The algorithm is as follows: for each number, we check whether it is in the set. If not, add, otherwise remove. This check goes for O(log n) for std::set in C++, or even for a constant for hash containers. (I don't know which language can be used according to the problem statement).
The only problem is if the numbers and their pairs are not located pseudo-randomly, but for example, first all the unique ones, and then all their pairs. In this case, when passing the first half of the array, the size of the set will only increase and we can fly with a memory limit.

N

nicolausYes, 2013-07-04
@nicolausYes

+1, posted the same thing. Depending on the compiler, C++ can use either C++11 containers (unordered_set) or from the tr1 namespace on older compilers, if present. In fact, when solving it head-on, you will have to store at least half of the values, or store it somehow more cunningly.
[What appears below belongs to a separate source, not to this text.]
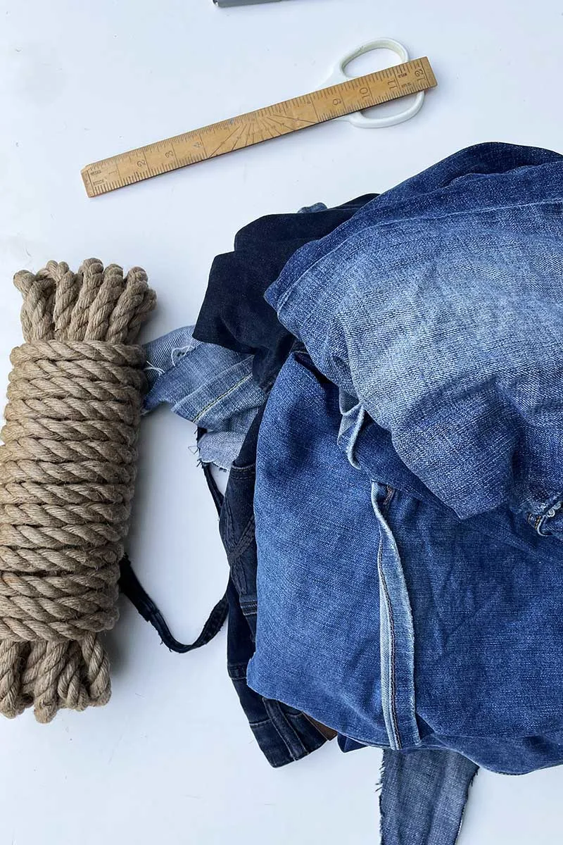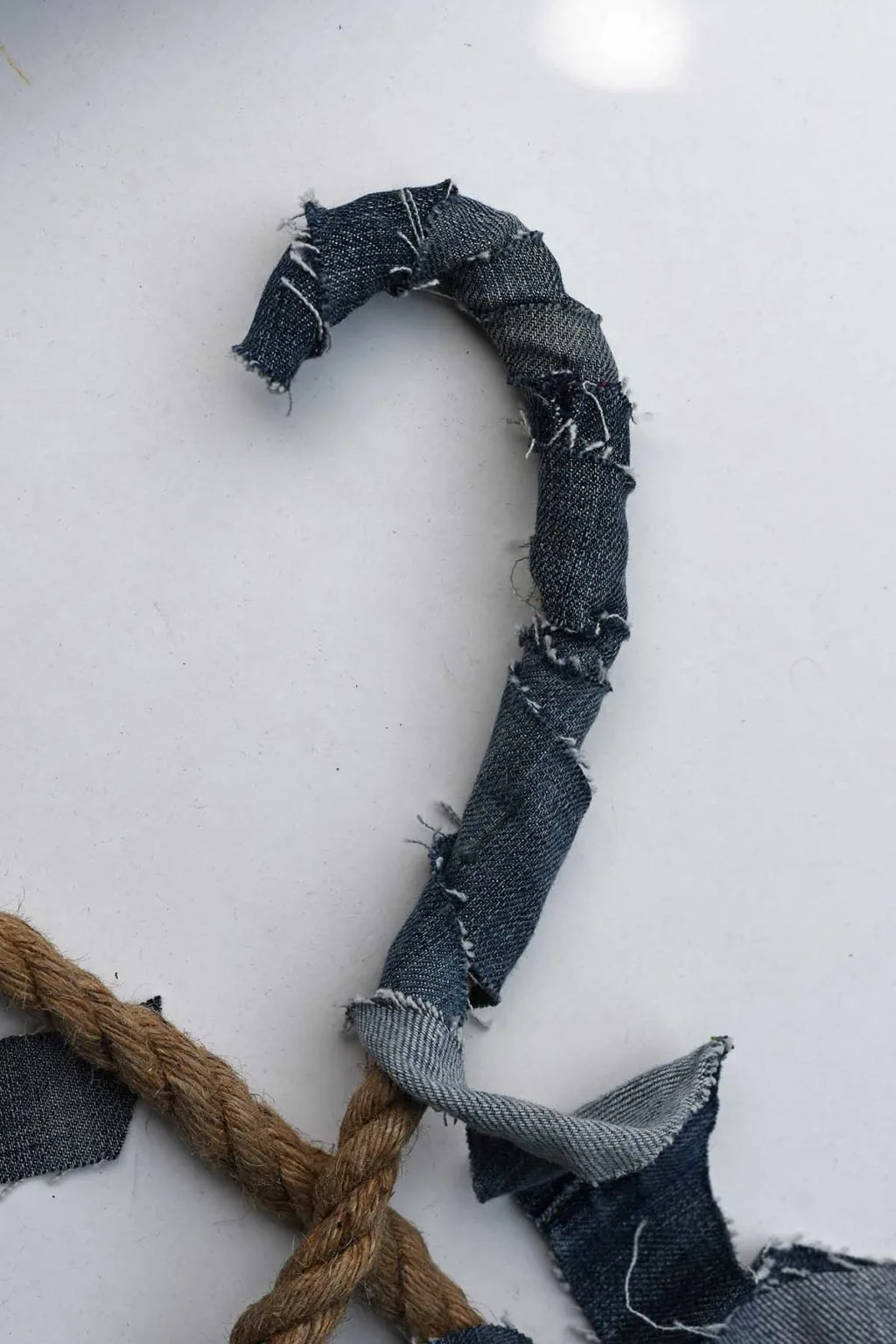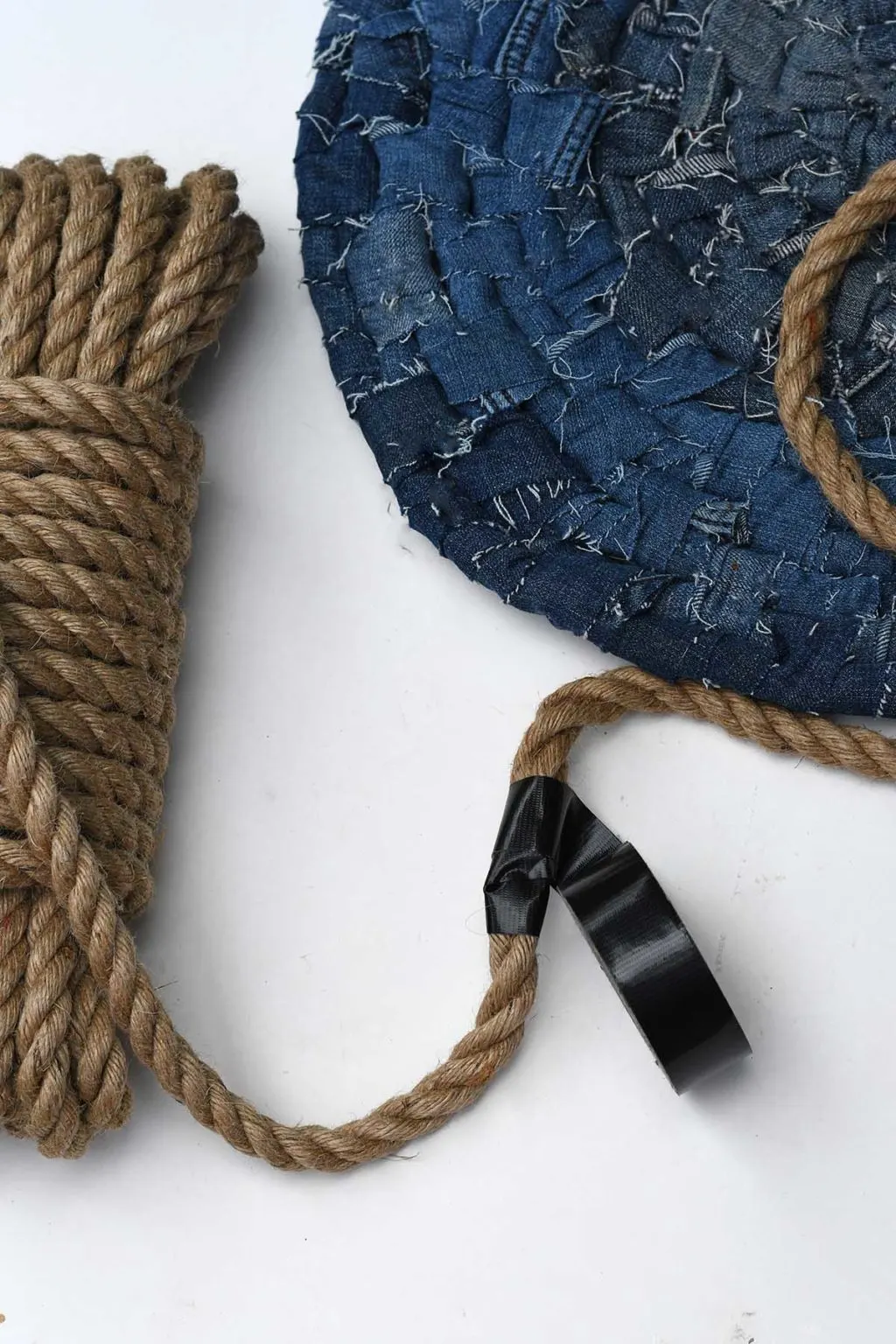 Если закончилась веревка, присоедините новый отрез с помощью клейкой ленты. Места соединения будут завернуты в джинсовую ткань, и их не будет видно.

I thought a little: the memory problem can be circumvented if it is allowed to bypass the numbers not sequentially, but in random order.
You can also use the "divide and conquer" principle, i.e. build, as described above, sets of elements without a pair for small pieces of the original array, and then look for a symmetric difference (union without intersection) of these sets.

So you still save them in an array? Immediately save to the structure used when reading (set, unordered_set, unordered_map - tr1 definitely has it).

A

Arktos, 2013-07-04
@Arktos

We will need to count this array 2 or 3 times. First, we will store these numbers modulo 10^5. Let's get a bool-array of 10^5 elements - how many times each module was encountered. Consider 2 options
1) The required numbers modulo 10^5 are different. Then we will have 2 non-zero cells. We know the modules of the desired numbers by 10^5. The task was reduced to the following - to find from the array of numbers one number that does not have a pair. Solved by xor. We read the array again and calculate 2 xor for the found modules.
2) The desired numbers are modulo 10^5 (all cells are zero). Then they are not equal modulo 10^5+1.